**REQUIRED WORK**
The answer is an exact repetition of every entry, with all images left out.

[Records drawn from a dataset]

━━━━━━━━━━━━━━━━━━━━

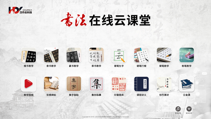 江蘇漢丹云教育科技有限公司是一家深耕數字化教育領域的高新技術企業,專注于教育云平臺建設與大數據應用,持續推進傳統文化與信息技術的融合創新。圍繞中小學書法教學實際需求,公司構建起覆蓋課程、資源與課堂應用的智慧書法產品體系,致力于提升書法教學的規范性、普及性與教學效率。
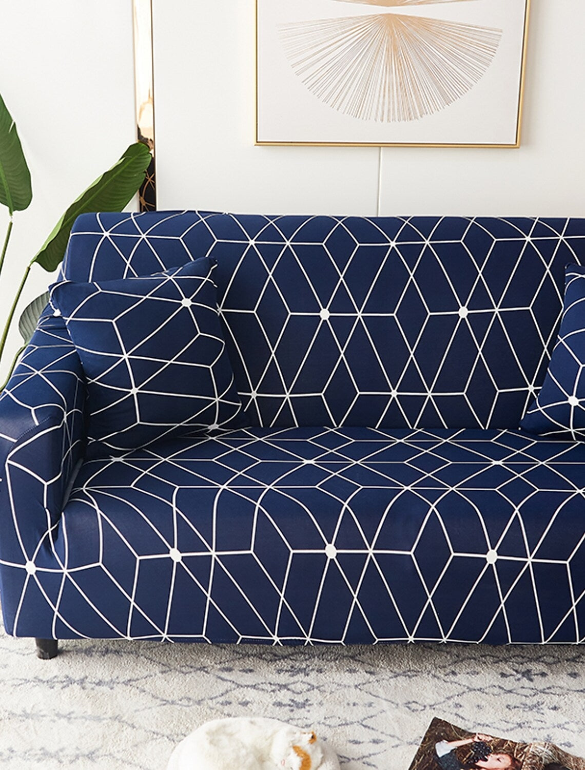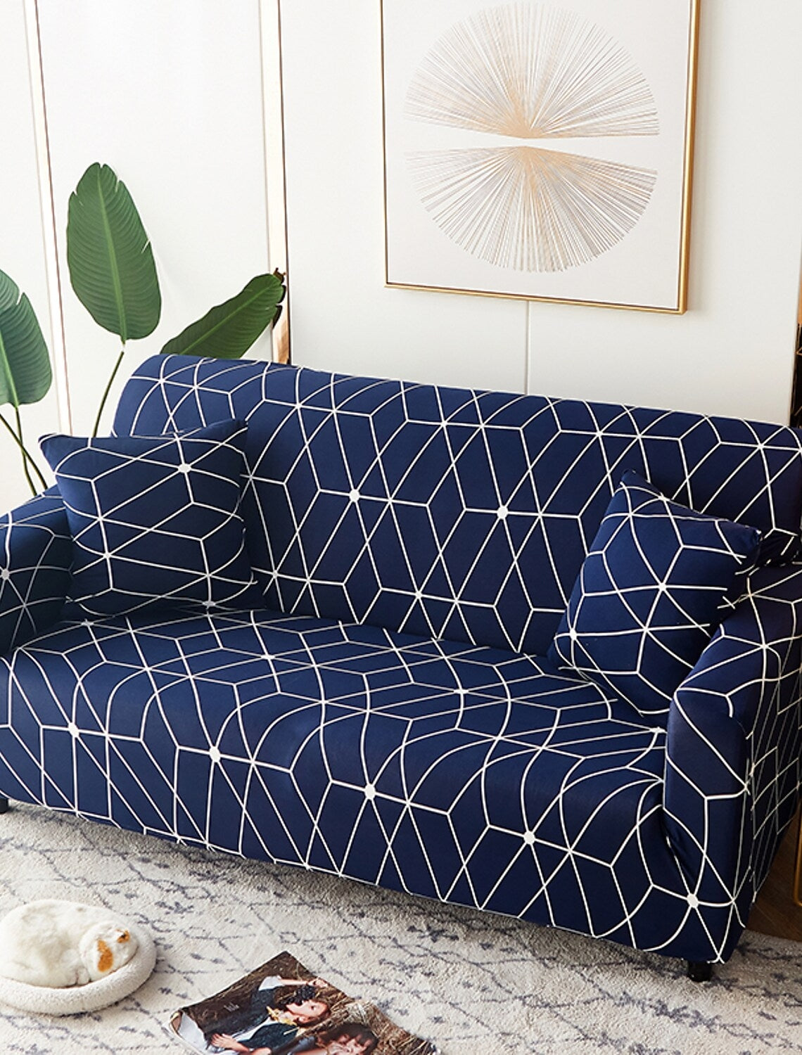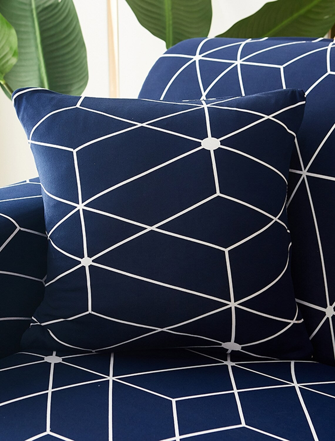 Housse de canapé élastique + 1 taie d'oreiller, Moonlight B203, Bleu / Blanc
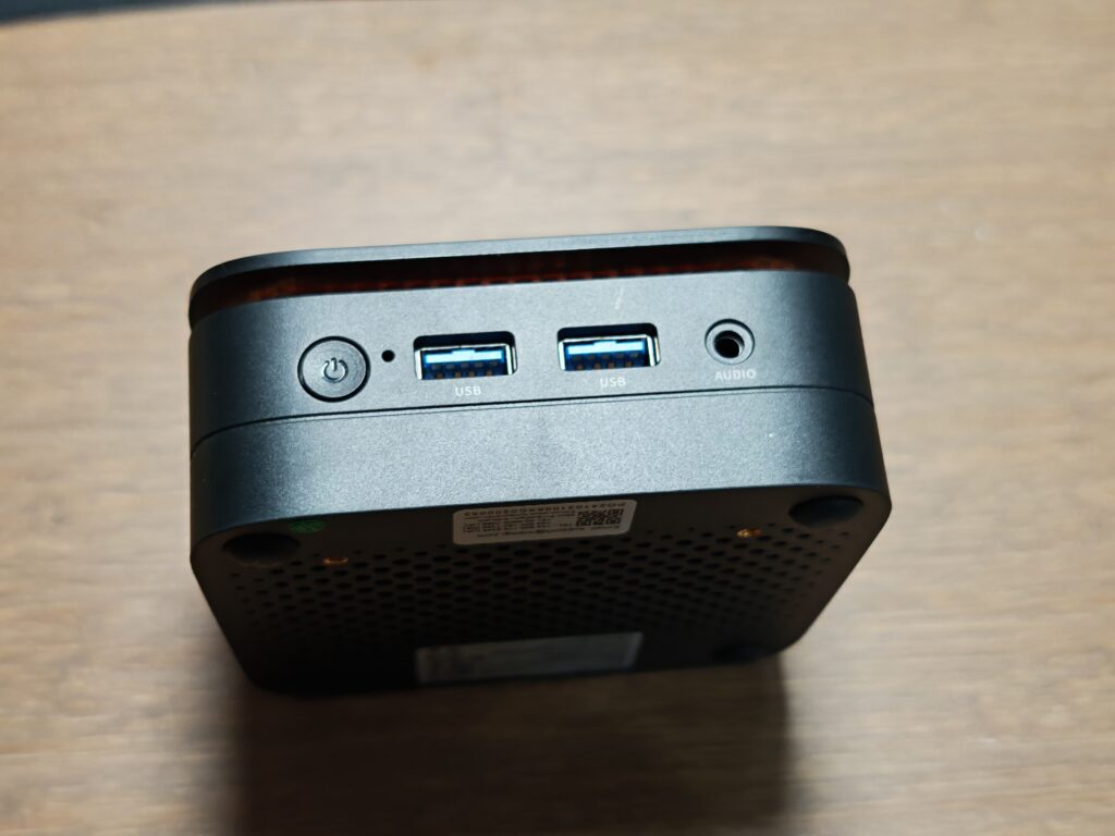 The mini PC also includes a headphone jack for audio output and supports expansion via an M.2 2280 slot, which is already occupied by the SSD. There is also an M.2 2230 slot for Wi-Fi, which is also pre-occupied.
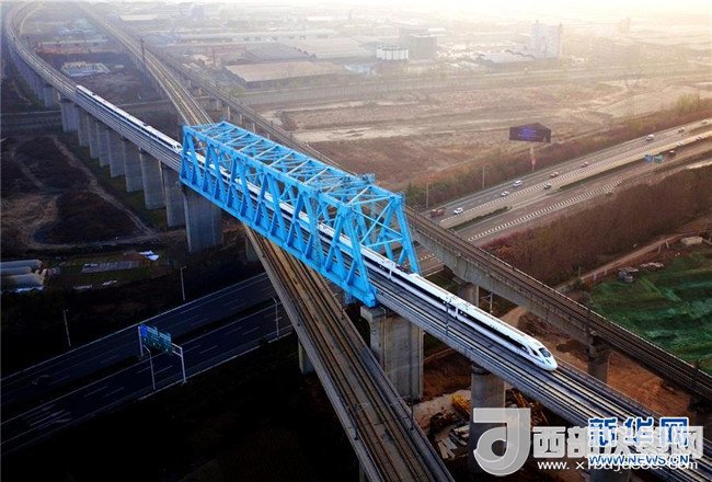 12月19日,一列高鐵從轉(zhuǎn)體成功后的商合杭高鐵跨鄭徐高鐵T構(gòu)梁下駛過。商合杭高鐵線路全長(zhǎng)794.55公里,設(shè)計(jì)時(shí)速350公里。
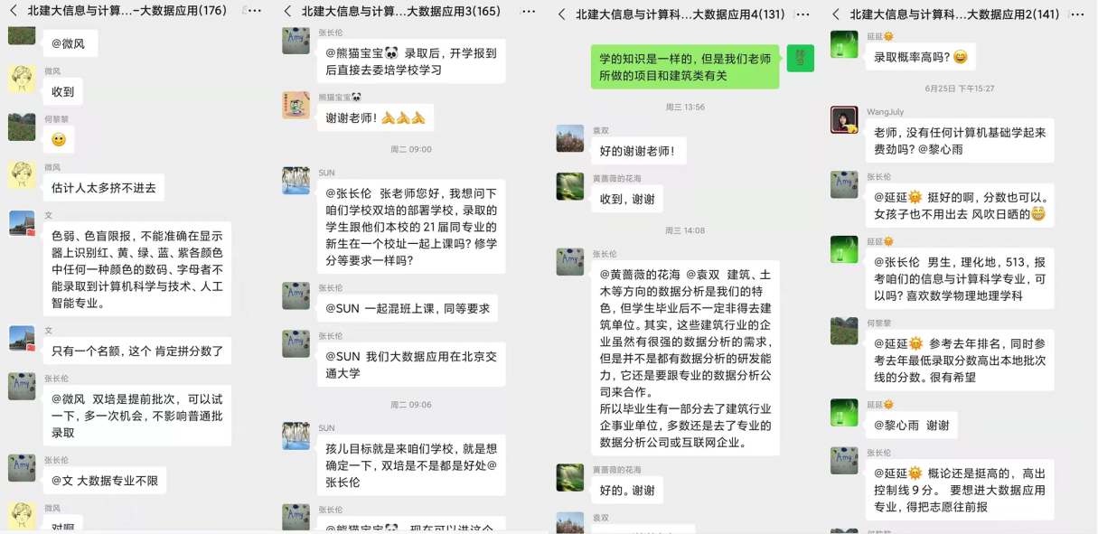 另外,四川麻将游戏 自行组建了五个共708人在线的微信群。无论是在清晨,还是在深夜,老师们看到考生和家长提出的问题后第一时间就给出回复。因为疫情原因考生和家长不能进校,老师们还随手拍一些教室、图书馆、体育馆、食堂的照片发到微信群,以便大家更多地了解学校和四川麻将游戏 。同时,四川麻将游戏 连续六天利用腾讯会议在线上咨询,主要由张长伦老师负责,每天一个多小时的讲解和回答受到了广大考生和家长的认可。
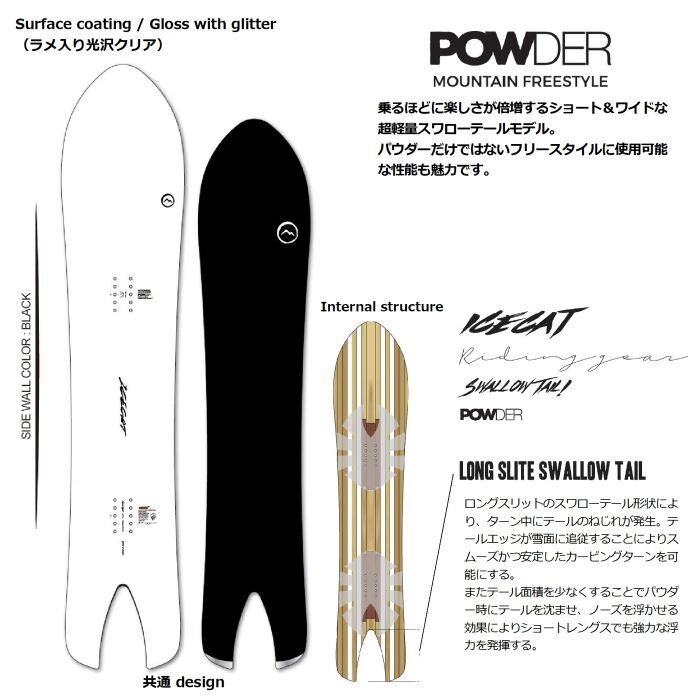 定価:110000+(税)モデルICECATサイズ149概要ショート&ワイドボディーの遊びやすいスワローテールモデル。短くても浮力たっぷりなノーズロッカーを採用し、ショートレングスでも快適かつスピード感のあるパウダーランを可能にします。またタイトなツリーランでも抜群の操作性を発揮します。さらに圧雪バーンでもスワローテールによる粘りのあるテールエッジグリップによって高速時においてもスムーズかつ強力なカービングターンを可能にします。とにかく軽快に動き回れるショートレングスサイズはパウダー時はもちろん地形遊びやフリーランにおいても遊び心をくすぐる斬新なスタイルを生み出します。取り回しに縛られない雪山を遊びまくるためのパウダーモデルです。

━━━━━━━━━━━━━━━━━━━━

**OUTPUT FOR THIS TASK**
 江蘇漢丹云教育科技有限公司是一家深耕數字化教育領域的高新技術企業,專注于教育云平臺建設與大數據應用,持續推進傳統文化與信息技術的融合創新。圍繞中小學書法教學實際需求,公司構建起覆蓋課程、資源與課堂應用的智慧書法產品體系,致力于提升書法教學的規范性、普及性與教學效率。
 Housse de canapé élastique + 1 taie d'oreiller, Moonlight B203, Bleu / Blanc
 The mini PC also includes a headphone jack for audio output and supports expansion via an M.2 2280 slot, which is already occupied by the SSD. There is also an M.2 2230 slot for Wi-Fi, which is also pre-occupied.
 12月19日,一列高鐵從轉(zhuǎn)體成功后的商合杭高鐵跨鄭徐高鐵T構(gòu)梁下駛過。商合杭高鐵線路全長(zhǎng)794.55公里,設(shè)計(jì)時(shí)速350公里。
 另外,四川麻将游戏 自行组建了五个共708人在线的微信群。无论是在清晨,还是在深夜,老师们看到考生和家长提出的问题后第一时间就给出回复。因为疫情原因考生和家长不能进校,老师们还随手拍一些教室、图书馆、体育馆、食堂的照片发到微信群,以便大家更多地了解学校和四川麻将游戏 。同时,四川麻将游戏 连续六天利用腾讯会议在线上咨询,主要由张长伦老师负责,每天一个多小时的讲解和回答受到了广大考生和家长的认可。
 定価:110000+(税)モデルICECATサイズ149概要ショート&ワイドボディーの遊びやすいスワローテールモデル。短くても浮力たっぷりなノーズロッカーを採用し、ショートレングスでも快適かつスピード感のあるパウダーランを可能にします。またタイトなツリーランでも抜群の操作性を発揮します。さらに圧雪バーンでもスワローテールによる粘りのあるテールエッジグリップによって高速時においてもスムーズかつ強力なカービングターンを可能にします。とにかく軽快に動き回れるショートレングスサイズはパウダー時はもちろん地形遊びやフリーランにおいても遊び心をくすぐる斬新なスタイルを生み出します。取り回しに縛られない雪山を遊びまくるためのパウダーモデルです。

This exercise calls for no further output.